The intersection had been cleared as if for a duel. One of Paterson’s older trolley cars sat on the tracks, awaiting its fate. An enormous black motor car lurked on the other side of the intersection, half a block away, its engine growling. A wooden platform had been built for the camera, which stood all alone on its three-legged stand.
Finally the motor car’s engine roared and a conductor jumped into the trolley and waved to the crowd. Everyone yelled back and fluttered their handkerchiefs at him. The driver of the motor car stood and waved to even more applause. Then they both settled down and a hush fell over the crowd.
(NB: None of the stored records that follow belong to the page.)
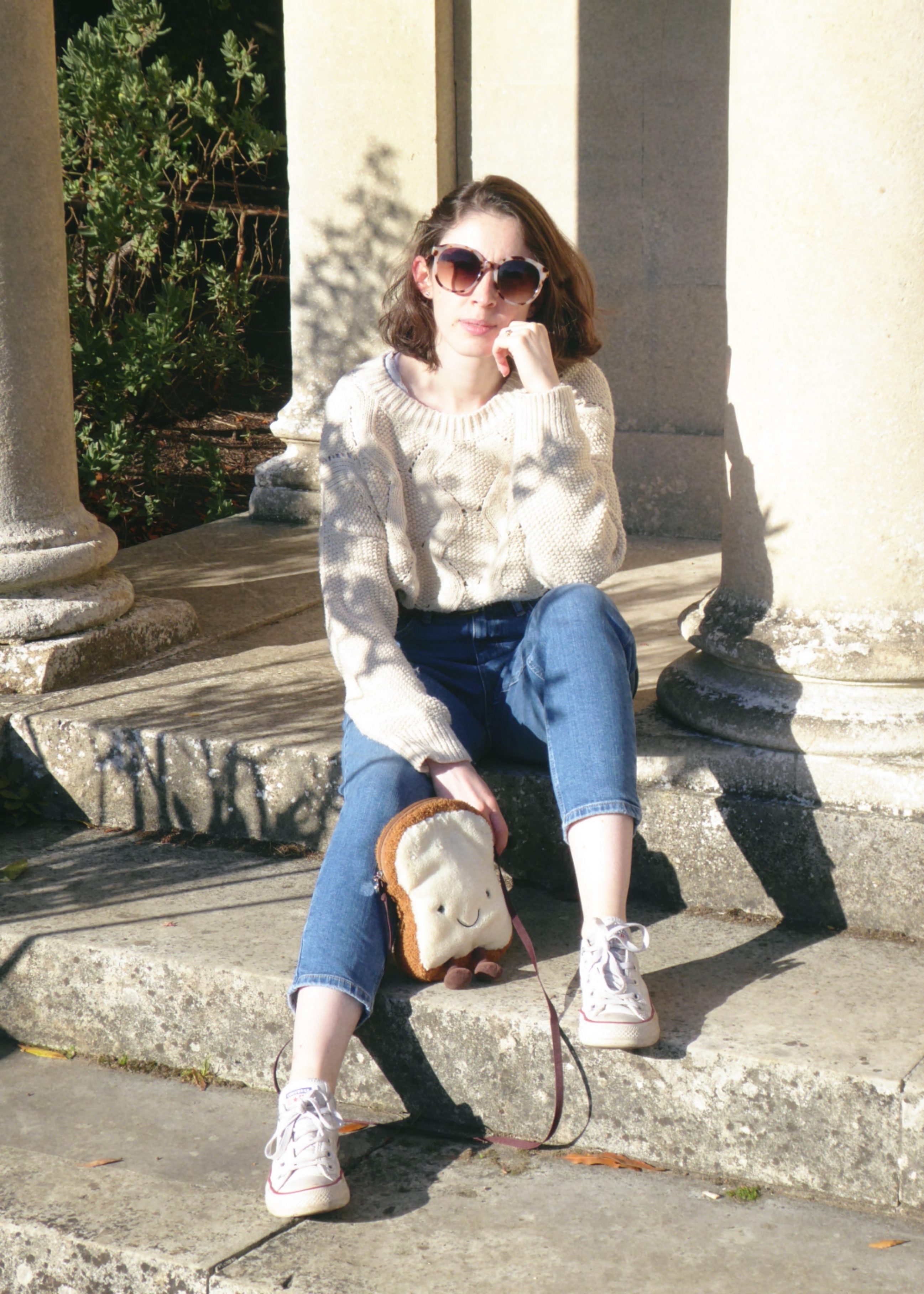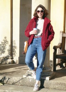 I love layering and in the UK you are going to need a coat; with Mom jeans a cropped coat or jacket works better for me as a full length coat can make me look swamped. I prefer to wear mine with Converse or TOMS I wouldn’t wear a heeled boot or heels with these jeans as it’s not my vibe and personally I don’t think it wouldn’t balance the outfit as well.
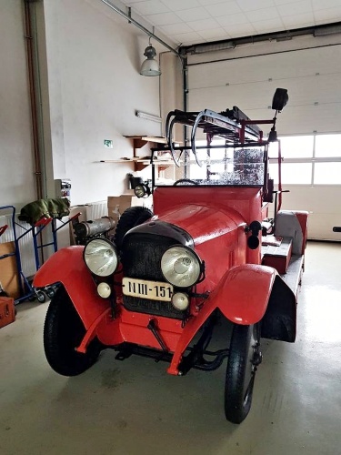 požární automobil značky Praga Grand Ebert z roku 1920 ve 4D, tedy jak se říkalo dřív – na vlastní oči. Pověstná Máňa čeká na své obdivovatele spolu s dalšími
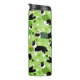 Joli St. Patrick's Day Border Collies portant de nombreuses nuances de vert avec des pulls rayés et cardiaques avec quatre trèfles éparés et des os de chien sur un arrière - plan vert.
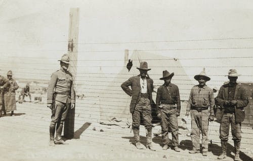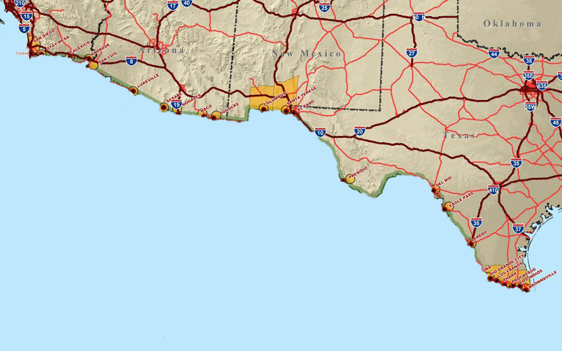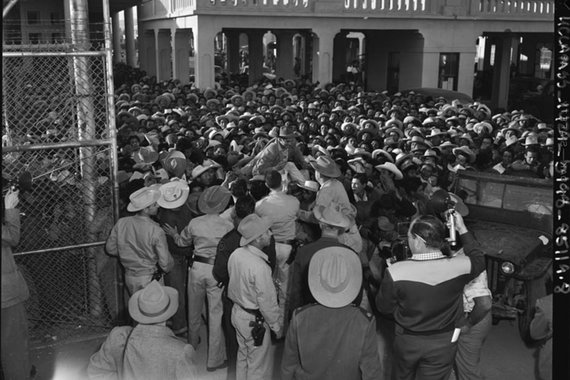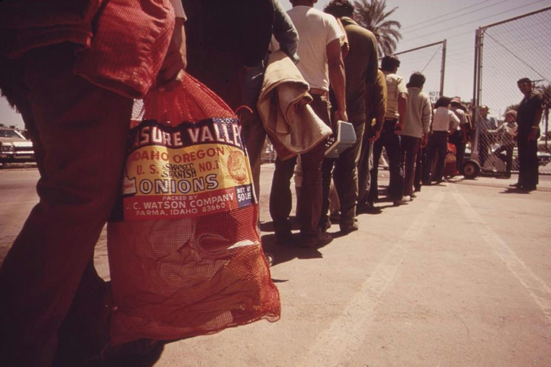(Baggrundsfotoet er taget af Charles O'Rear den 1. maj 1972 og viser en kø af landarbejdere, der er blevet fanget af grænsekontrollen ved Calexico efter at have indvandret ulovligt til USA). Kilde: The U.S. National Archives via Flickr)
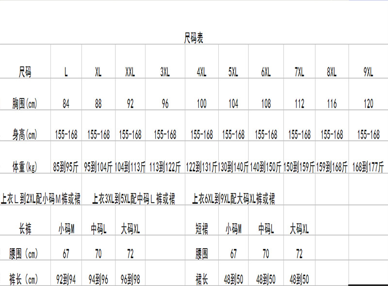 L носит от 85 до 47.5kg; XL носит с 95 по 52kg; XXL носит от 104 до 56.5kg; XXXL носит от 103 до 61kg; 4XL носит от 122 до 65.5kg; 5XL носит от 131 до 70kg; 6XL носит от 140 до 75kg; 7XL носит от 150 до 79.5kg; 8XL носит от 159 до 84kg; 9XL носит от 168 до 88.5kg
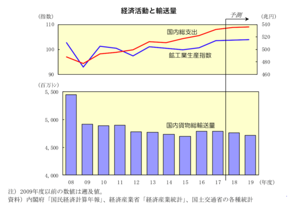 建設関連貨物は、公共投資や住宅投資が小幅ながら増加に転じるものの、輸送量を押し上げるには至らず、マイナス推移が続き、建設関連貨物を除く一般貨物は1.4%の減少となる。
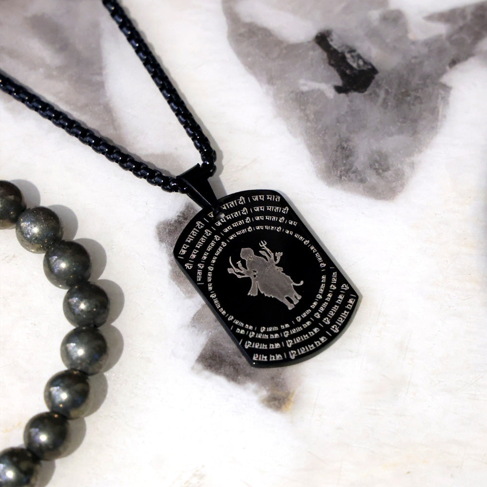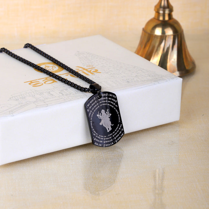About Product: The Shree Durga Maa MicroCarved Black Pendant is a finely crafted devotional accessory that showcases the divine presence of Maa Durga through intricate micro-carved detailing. The precision engraving captures the powerful aura of the Goddess, symbolizing strength, protection, and victory of good over evil, all set against an elegant black finish.
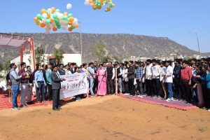 जयपुर, 04 मार्च। स्नातकोत्तर पशुचिकित्सा शिक्षा एवं अनुसंधान संस्थान (पी.जी.आई.वी.ई.आर.), जयपुर में 4-7 मार्च, 2024 तक आयोजित होने वाले खेलकूद एवं सांस्कृतिक सप्ताह ’’उमंग-2024’’ का सोमवार को संस्थान के खेल मैदान में रंगारंग शुभारंभ किया गया। संस्थान की अधिष्ठाता प्रो. शीला चौधरी ने फीता काटकर तथा आसमान में गुब्बारे छोड़कर इस कार्यक्रम का आगाज किया। विद्यार्थियों को सम्बोधित करते हुए अधिष्ठाता महोदया ने खेल-कूद को हमारे जीवन के लिये अति महत्वपूर्ण बताया। उन्होंने कहा कि इससे हमारा शारीरिक व मानसिक विकास होता है। खेल हमें जीवन में अनुशासन, भाई-चारा, कड़ी मेहनत, टीम भावना, धैर्य आदि का कुछ अच्छे गुण सीखने में मदद करते हैं। आगे उन्होंने बताया कि खेल के सभी रूप हमें सीखाते हैं कि जीवन के हर खेल को जीतने या हारने के पहलू पर जोर ना देने के बजाय भाग लेने व मनोरंजन के उद्देश्य से खेला जाना चाहिए। उन्होंने आशा जताई की ज्यादा से ज्यादा विद्यार्थी इस कार्यक्रम में भागीदारी कर इस सप्ताह को सफल बनायेंगे। संस्थान के खेल-कूद प्रभारी डॉ. सत्यवीर सिंह ने सप्ताह भर आयोजित होने वाले विभिन्न स्पर्धाओं की विस्तार से जानकारी दी। उन्होंने बताया कि खेल-कूद में रस्सा-कस्सी, बॉलीवॉल, कबड्डी, बैडमिन्टन, टेबल-टेनिस, एथेलेटिक्स आदि की स्पर्धाएं आयोजित की जायेगी। सांस्कृतिक र्स्पधाओं में कोलाज, रंगोली, एकल तथा समूह नृत्य एवं एकल तथा समूह गीत आयोजित किये जायेंगे। साहित्यिक र्स्पधाओं में वाद-विवाद, प्रश्नोत्तरी तथा एक्टेम्पोर की प्रतियोगिताएं आयोजित की जायेंगी। संस्थान के कार्यवाहक सहायक अधिष्ठाता छात्र कल्याण डॉ. एस.एस. शेखावत ने सभी का धन्यवाद ज्ञापित किया तथा डॉ. बरखा गुप्ता ने मंच संचालन किया। इस कार्यक्रम में संस्थान के संकाय सदस्यों, अशैक्षणिक कर्मचारियों तथा विद्यार्थियों ने बड़ी संख्या में अपनी भागीदारी निभाई।
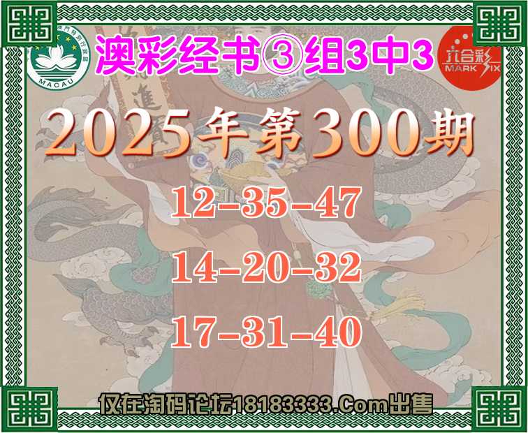 300期:『澳彩经书』 ③组3中3

The cameraman gave a nod. Someone raised a megaphone and counted down.
“Three. Two. One. Go!”
Over gasps and screams from the audience, the trolley rolled along its tracks and the motor car came at it broadside, picking up speed, just as Henry Kaufman had. The conductor looked out with an exaggerated expression of fear, which drew a laugh from the audience just as the car plowed into the trolley. It rocked back and forth. The conductor’s expression grew more alarmed, and finally, with one last push from the motor car, it collapsed on its side, its wheels spinning.
Cheers erupted from the crowd. Fleurette was jumping up and down and clapping madly. Policemen, firemen, and a doctor with his medical bag all ran to the trolley, but the conductor emerged, victorious, shaking his fists in the air. All around me, people were congratulating one another as if they’d had some role in the outcome.
I turned to look for Fleurette, but at that moment I felt a hand on my sleeve. It was the red-haired girl from the factory.
“You don’t remember me,” she shouted, straining to be heard over the crowd. She was younger than I’d first realized—not much older than Fleurette—and would have been pretty if she hadn’t spent her life in a dye shop. Her hair was thin and dull, her mouth pinched, and there was a burn mark on her neck and another one like it on the back of her hand, both of them quite brown, suggesting an accident that occurred years ago. Her fingers bore the gray stains that accumulated from the dye.